Workspaces are good for large units or departments that need five or more channels. For example, a department that wants a channel for every team in their unit or has multiple large distinct projects.
- Any member of U-M Slack can create a workspace.
- It is possible to belong to more than one Slack workspace.
- Direct messages are not workspace-specific, which means Slack members will see all of their direct messages in every workspace to which they belong.

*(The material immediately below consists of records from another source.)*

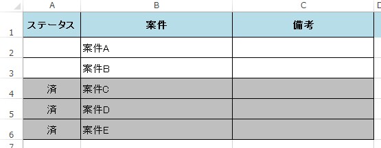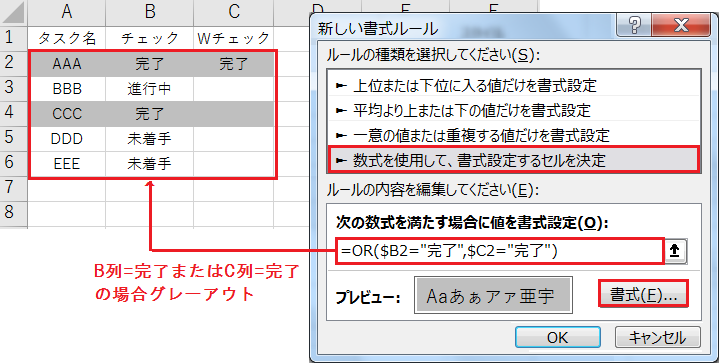 Excelで完了、済などの文字を入力したセルを条件付き書式でグレーアウトする - CAFE BREAK。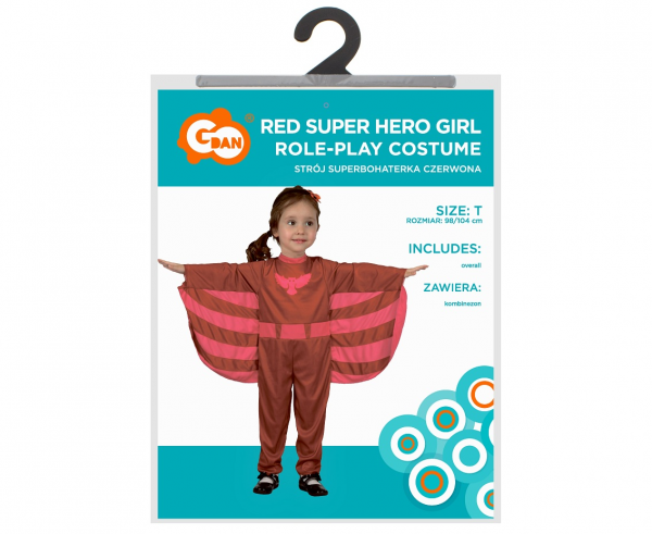 - Kombinezon superbohaterki dla dziewczynki w kolorze czerwonym.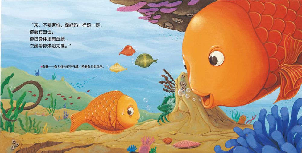 小鱼学会游泳了吗?他有没有听妈妈的话呢?在“知道更多”环节,让我们一起了解鱼儿为什么会游泳,以及它们的身体结构和生活习性吧。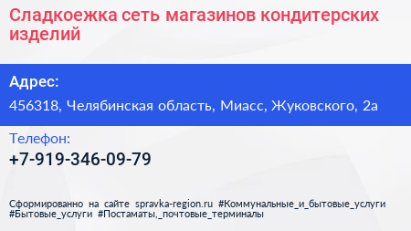 Сладкоежка, сеть магазинов кондитерских изделий по адресу 456318, Челябинская область, Миасс, Жуковского, 2а в дальнейшем Организация, размещена в следующих категориях: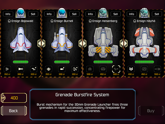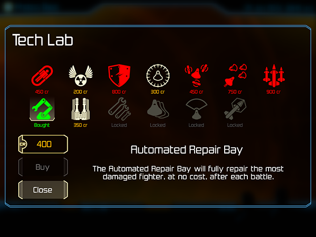 The ship upgrade system helps make up for that, though. Each type of ship features four upgrades that you can purchase with your hard-earned credits, ranging from more bullets per shot to special weapon boosts. There’s also a tech tree that provides universal upgrades like increased ship armor and free post-mission repair. Both sets of upgrades improve your odds of powering through enemy squadrons, but individual upgrades come with two drawbacks. First, since each new campaign features a fresh set of ships, the upgrades won’t carry over. And second, when a ship blows up in combat, it’s gone for good.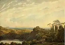 The son of the Russian-born drawing master and watercolourist Alexander Cozens, John Robert Cozens was born in London. He studied under his father and began to exhibit some early drawings with the Society of Artists in 1767. In 1776 he displayed the large oil painting, A Landscape with Hannibal in His March Over the Alps, Showing to His Army the Fertile Plains of Italy (now lost) at the Royal Academy in London.[2] This painting was the only oil that Cozens exhibited at the Academy and was the inspiration for J. M. W. Turner's famous painting of 1812.[3]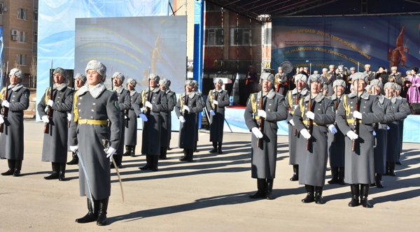 Облыстық тарихи-өлкетану музейінің алдындағы алаңда өткен салтанатты шара ҚР Мемлекеттік күзет қызметінің Президенттік оркестрінің әншілері — Асылхан Шалқаров, Гүлнұр Әділбекова, т.б. орындауындағы әндермен басталды. Оларды «Айбын» Президенттік полкі Құрмет қарауыл ротасының әскери қызметшілері салтанатты шерумен сүйемелдеді. Әскери қызметшілердің өнеріне взвод командирі Қайрат Молдабеков басшылық етті.

- Workspace instances are maintained by the creator, but the U-M Slack Org Admins control the organizational-level U-M Slack Grid. Therefore, the overall U-M Slack Grid preferences take priority over workspace preferences.
Slack for Teaching
Slack can be used for synchronous and asynchronous class discussions, student group conversations, and more. One or more private channels in the Maize & Blue Slack workspace or a full private workspace may be appropriate for your instructional toolkit. Refer to Creating U-M Slack Workspaces for more information on creating a Slack workspace for your courses and Create a channel for information on creating a Slack channel for your courses. You can also enable Canvas notifications in U-M Slack.
- You may prefer one or more private channels if:
- You plan to use Slack minimally, such as for one or two discussions.
- You do not plan to create custom Slack emojis (custom emojis are not currently available to create in Maize & Blue).
- You do not plan to use/install apps or integrations with Slack.
- You may prefer to create a workspace if:
- You plan to use Slack robustly, such as for many discussions.
- You plan to create and use custom Slack emojis.
- You plan to install apps or integrations with Slack, such as GitHub, Asana, etc.